I can say, that the mysql client itself (being non-odbc) show normal characters; there is no corruption. This is also true of JDBC drivers. Not sure if this helps..
[1 Feb 2008 10:53] Tonci Grgin
Ken, there is a reason I asked for 3.51.16 to test with... You will probably be able to repeat the problem with *any ad-hoc* query and *any connector* and Bug#10491 is reason why:
" This problem represents grave issue for connectors. They can't work around it, at least not reliably. Ad hoc user queries like this do not allow connector to distinguish between "SHOW CREATE TABLE", where it should treat BIANRY as UTF8, and "SELECT varbinary_col FROM some_table", where it really should be binary..."

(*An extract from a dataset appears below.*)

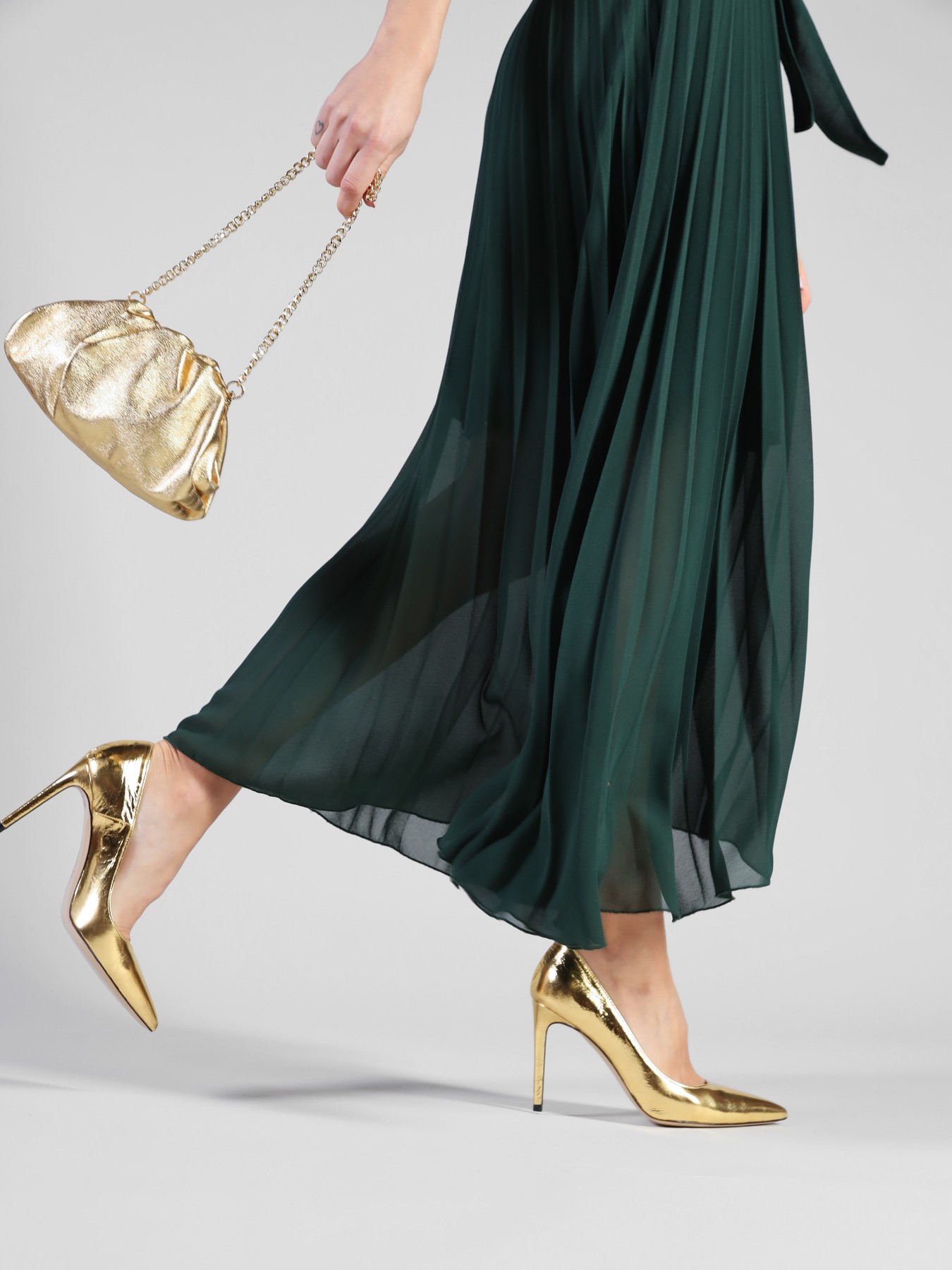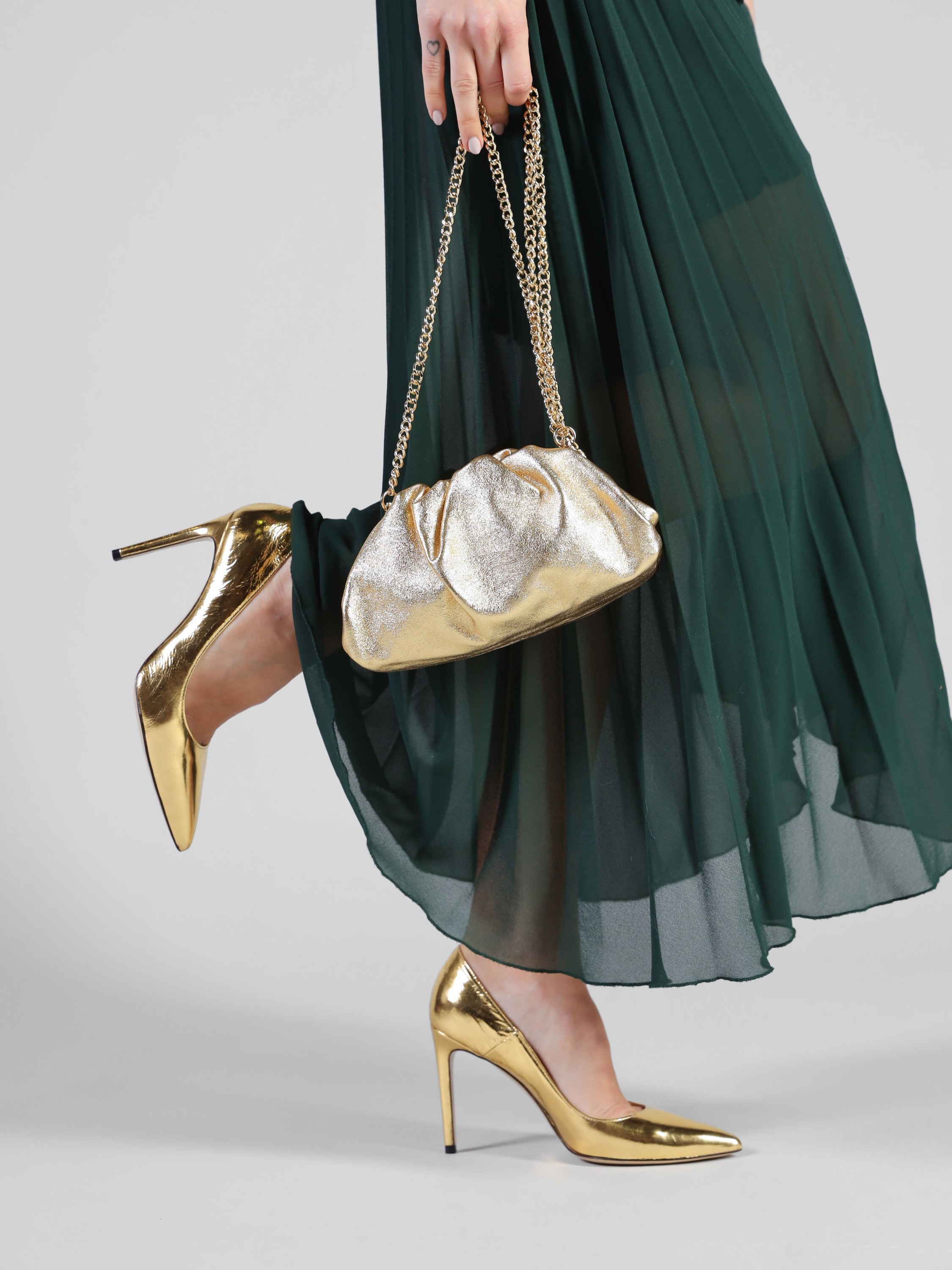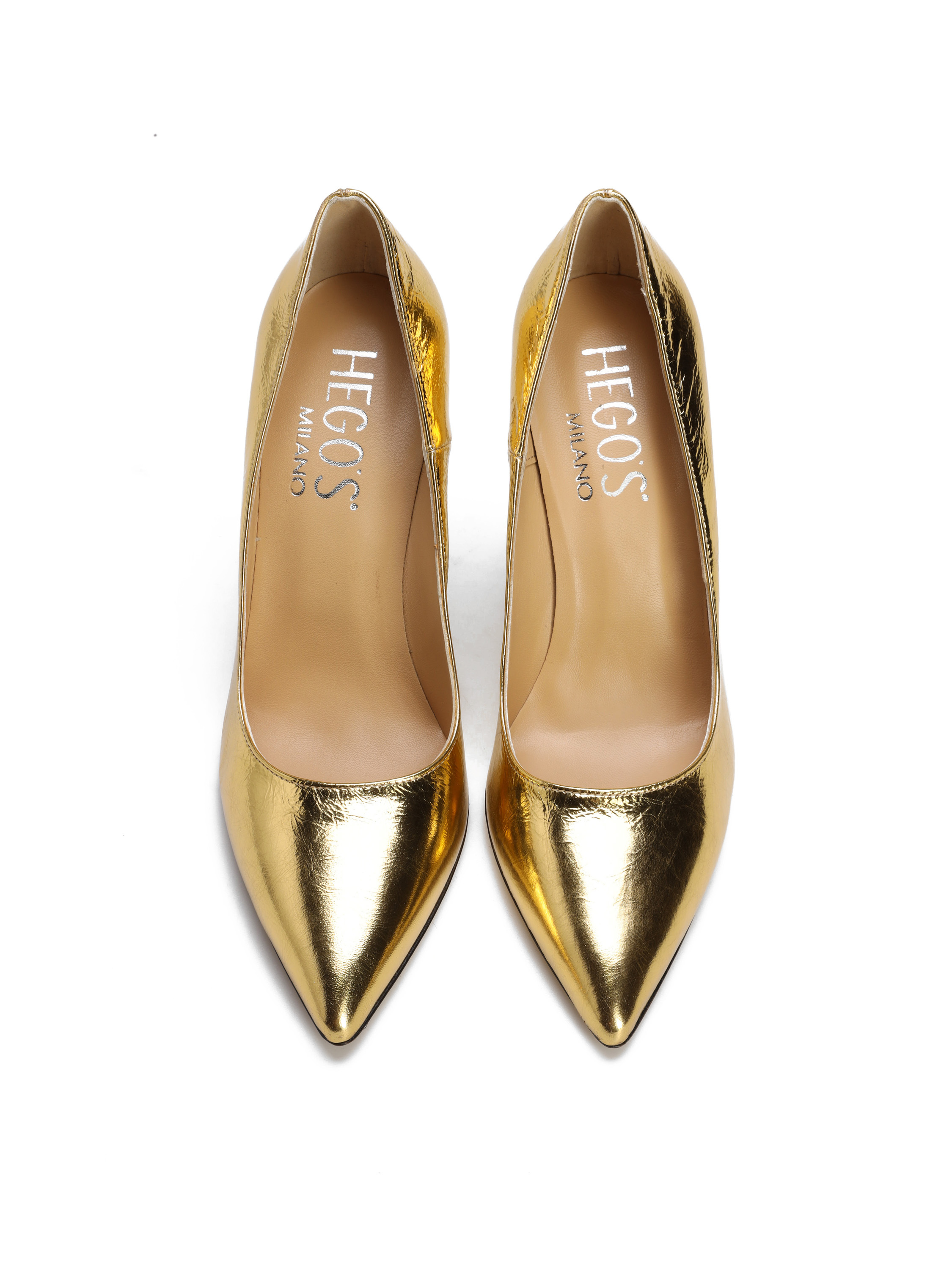 Szpilki w szpic wykonane są z włoskiej, metalizowanej skóry. Cholewka w złotym kolorze. Wygodny obcas na szpilce w połączeniu ze skórzaną wkładką zapewnią komfort podczas użytkowania obuwia.

Now, your data is returned to ODBC client in form of 0x"your actual string" so you may try to parse leading 0x out where appropriate. Any other user-issued query should be safe from this problem providing you use CAST( ... AS ... construct.

I don't think this is a bug nor that it has anything to do with Linux OS... What is your opinion?
[1 Feb 2008 17:13] Ken Johanson
Interesting. I cant say that it is the same bug, though, here's why:

1) I also am/have-been using the MySQL-AB JDBC Driver mysql-connector-java-3.1.12 ( $Date: 2005-11-17 15:53:48 +0100) driver, and the same SHOW commands have not return malformed values for any server version I've tried.

2) The data mangling is not a caused by the server OR ODBC connecteor directly (IMO): becasue as I described ealrier ONLY the glib and unixODBC versions being different between the client/server cause this -- even when *identicval* server and my-odbc version installed.

3) I did discover a new behavior difference in char en/decoding on FC8. The *extact* same Sun JVM 1.5.11 binarys, installed on FC8, now throw a character encoding exception if given a bytestream with a 0xA9 (©) to java.io.FileReader (and $LANG=en_US.UTF-8 is on both FC5 and FC8). Presumaby the Sun FileReader uses native libs for char coding. InputStreamReader(is, "UTF-8") does NOT have this problem.

So this may not be a bug with the odbc driver per se, but a change in glibc. Still I think if data could be corrupted the odbc driver should fail fast (like the jvm is doing), or be patched to use a failsafe stream coder.

Or it may simply point to a bug or change in glibc that should be documented.
[5 Feb 2008 12:31] Tonci Grgin
Ken, every connector team is independent in their decisions, as specs are too different, thus the fact that something works or works differently in one connector does not mean that behavior can be transferred to other connector.

I don't see the bug here except for the server one I mentioned before and it is my opinion that's the root cause of your problems. So "SET NAMES ..." or any other trick will not help. You can try upgrading MySQL server and/or downgrading MyODBC, that's all. CAST() might have helped but you can't use it with ad-hoc queries.